Raw data START

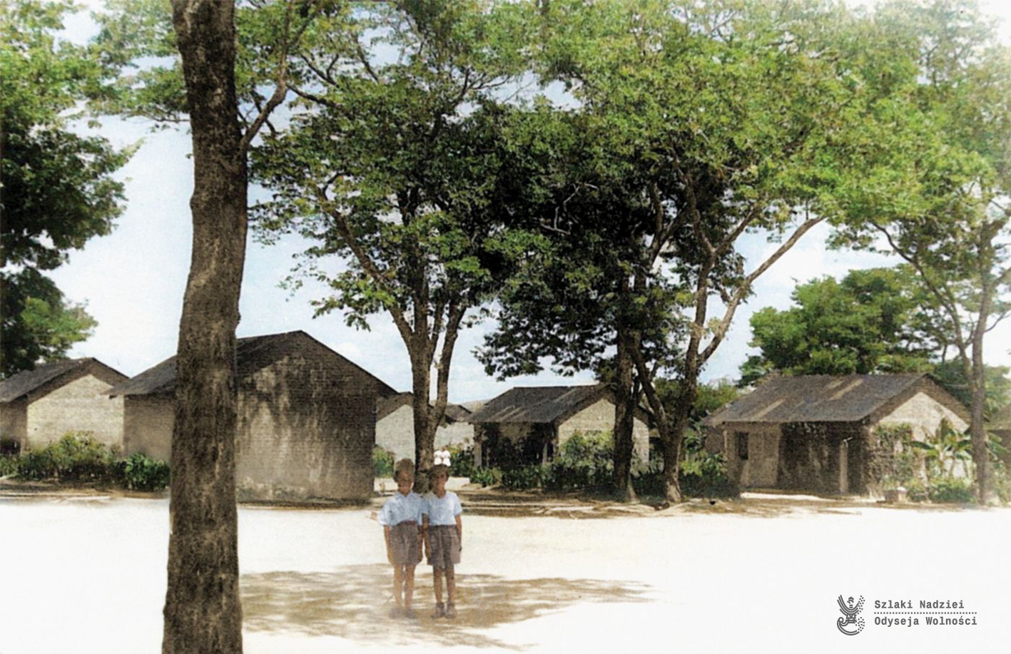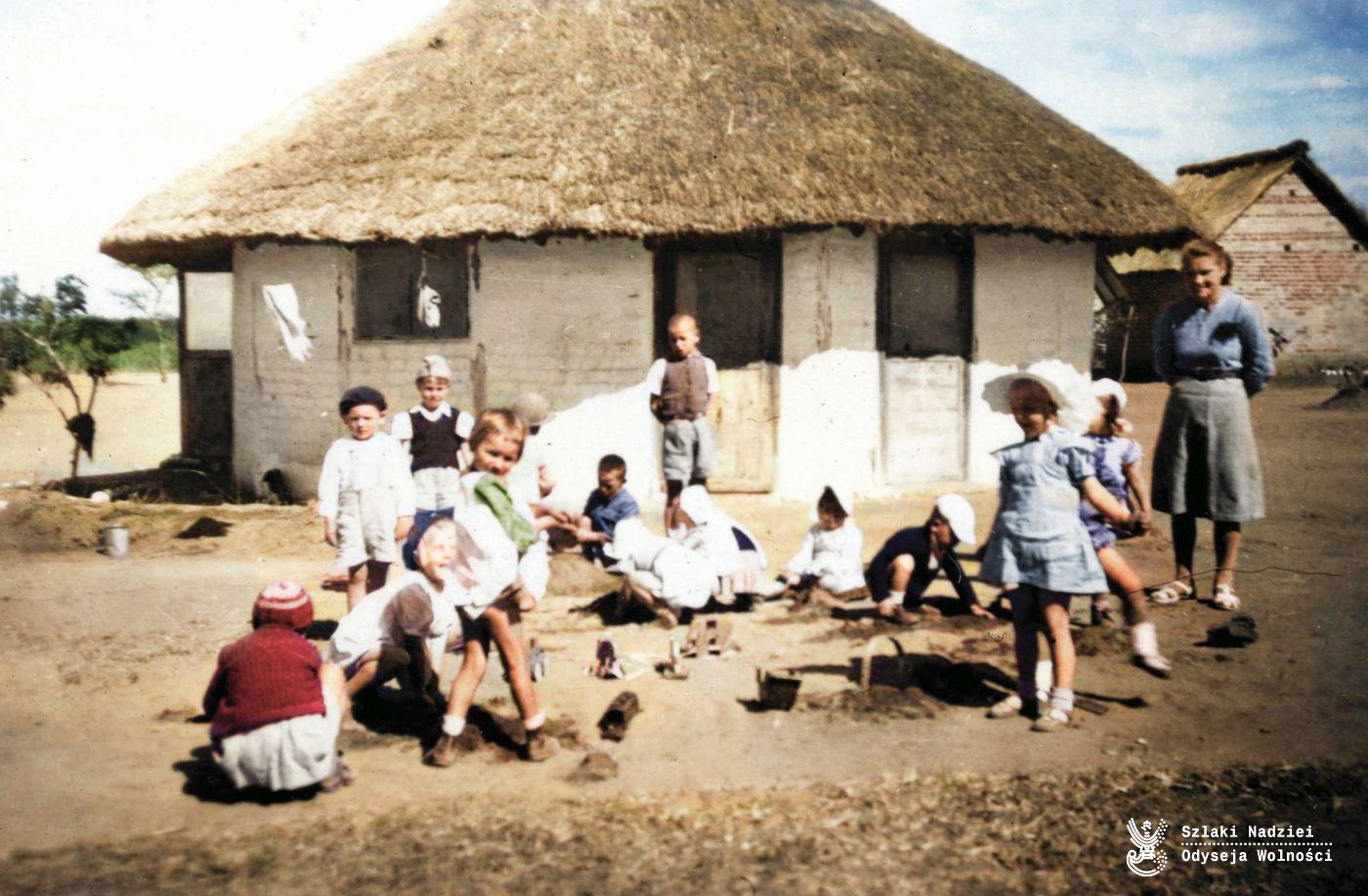 Dzieci podczas zabawy w piasku przed budynkiem przedszkola. Marandellas, Rodezja Południowa (Zimbabwe), 1944 r. (fot. Instytut Polski i Muzeum im. gen. Sikorskiego w Londynie, zdjęcie udostępnione przez Fundację Ośrodka KARTA). Koloryzacja Mikołaj Kaczmarek
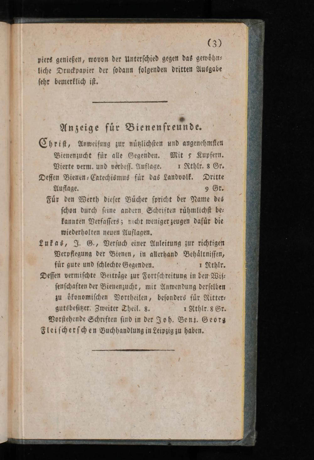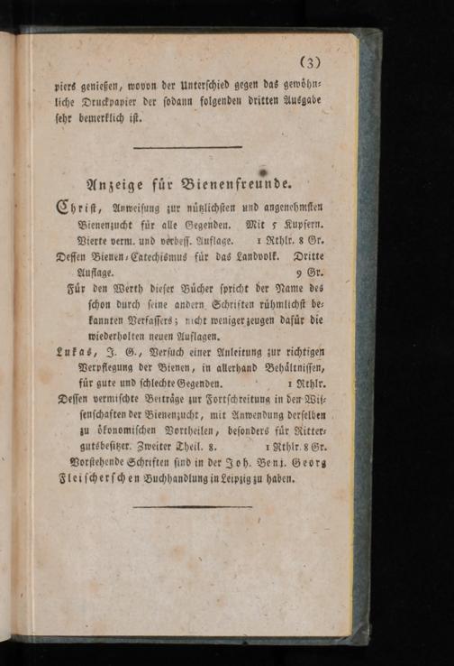 Vierte verm. und verbeſſ. Auflage. 1 Rthlr. 8 Gr. Deſſen Bienen⸗Catechismus fuͤr das Landvolk. Dritte Auflage. 9 Gr.
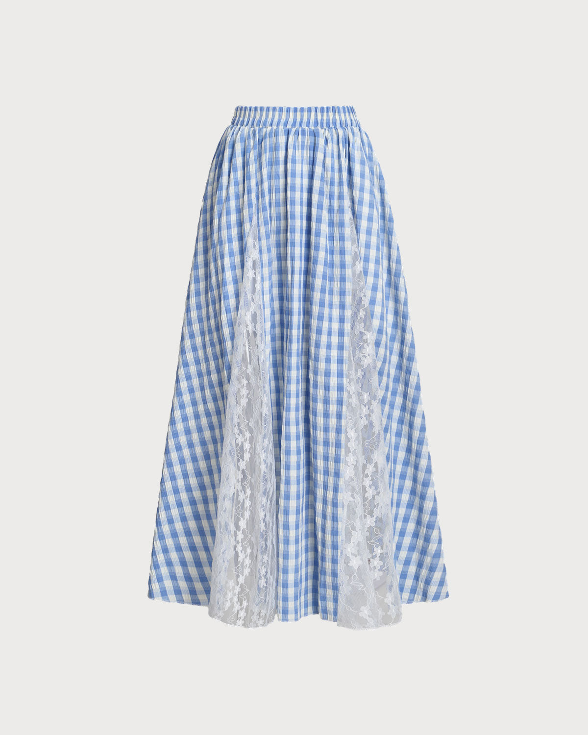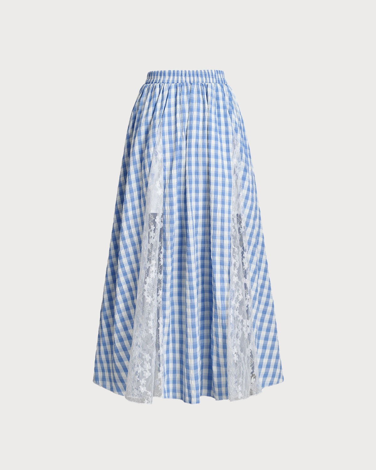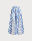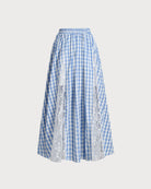 Belltoile™ Mavi Ekose Beli Lastikli Midi Etek

Raw data END

**Task brief:**
The response has to be an exact copy of all the data, pictures excluded.

**Final answer:**
 Dzieci podczas zabawy w piasku przed budynkiem przedszkola. Marandellas, Rodezja Południowa (Zimbabwe), 1944 r. (fot. Instytut Polski i Muzeum im. gen. Sikorskiego w Londynie, zdjęcie udostępnione przez Fundację Ośrodka KARTA). Koloryzacja Mikołaj Kaczmarek
 Vierte verm. und verbeſſ. Auflage. 1 Rthlr. 8 Gr. Deſſen Bienen⸗Catechismus fuͤr das Landvolk. Dritte Auflage. 9 Gr.
 Belltoile™ Mavi Ekose Beli Lastikli Midi Etek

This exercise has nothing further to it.